Given material
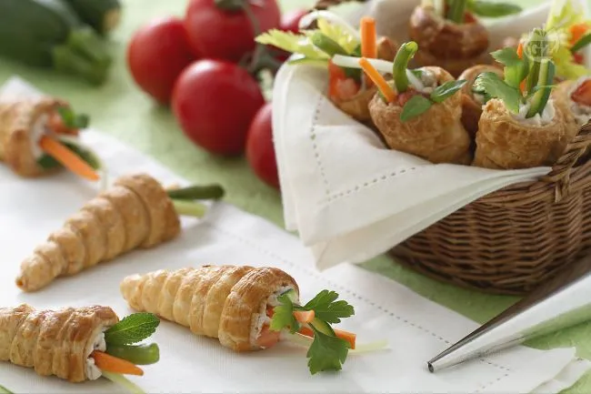 La magia risiede nel contrasto tra la sfoglia vegana che si sbriciola in mille scaglie dorate e le due creme vellutate: una di prosciutto cotto e formaggio fresco, liscia e rinfrescante, si oppone alla crema di mortadella e pistacchi, granulosa e profondamente aromatica. Le verdure fresche – carote croccanti, fagiolini teneri, zucchine delicate – e l'aromatica nota di menta offrono un finale leggero e vegetale, bilanciando la ricchezza delle farce.
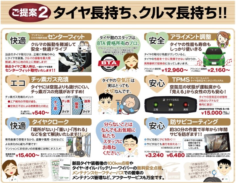 ●お客様の安全・安心・タイヤ長持ちを考えたタイヤ選び
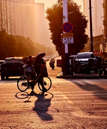 夕阳把马路熬成蜜色糖浆, 她骑着单车, 像蘸着光的笔尖, 在城市的稿纸上 缓缓移动。 影子被拉得很长, 长过了“严管路段”的标识, 长过了车流的喧嚣, 在柏油路上 拓印出 生活的慢板与重量。 楼宇在远处发着暖光, 而她的车轮, 正把这黄昏的甜, 碾进每一道 岁月的辙痕里。
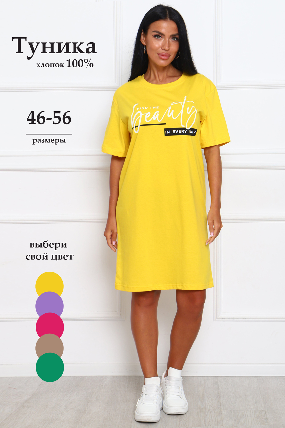 Туника женская прямого силуэта. Низ изделия прямой. Длинна выше колена, плечо спущенное, рукав короткий. Горловина круглой формы, обработана планкой с отделочной строчкой по шву притачивания. Принт (шелкография) располагается по центру переда.

What you have to do
Reproduce the listing above exactly, but skip the pictures.

Output
 La magia risiede nel contrasto tra la sfoglia vegana che si sbriciola in mille scaglie dorate e le due creme vellutate: una di prosciutto cotto e formaggio fresco, liscia e rinfrescante, si oppone alla crema di mortadella e pistacchi, granulosa e profondamente aromatica. Le verdure fresche – carote croccanti, fagiolini teneri, zucchine delicate – e l'aromatica nota di menta offrono un finale leggero e vegetale, bilanciando la ricchezza delle farce.
 ●お客様の安全・安心・タイヤ長持ちを考えたタイヤ選び
 夕阳把马路熬成蜜色糖浆, 她骑着单车, 像蘸着光的笔尖, 在城市的稿纸上 缓缓移动。 影子被拉得很长, 长过了“严管路段”的标识, 长过了车流的喧嚣, 在柏油路上 拓印出 生活的慢板与重量。 楼宇在远处发着暖光, 而她的车轮, 正把这黄昏的甜, 碾进每一道 岁月的辙痕里。
 Туника женская прямого силуэта. Низ изделия прямой. Длинна выше колена, плечо спущенное, рукав короткий. Горловина круглой формы, обработана планкой с отделочной строчкой по шву притачивания. Принт (шелкография) располагается по центру переда.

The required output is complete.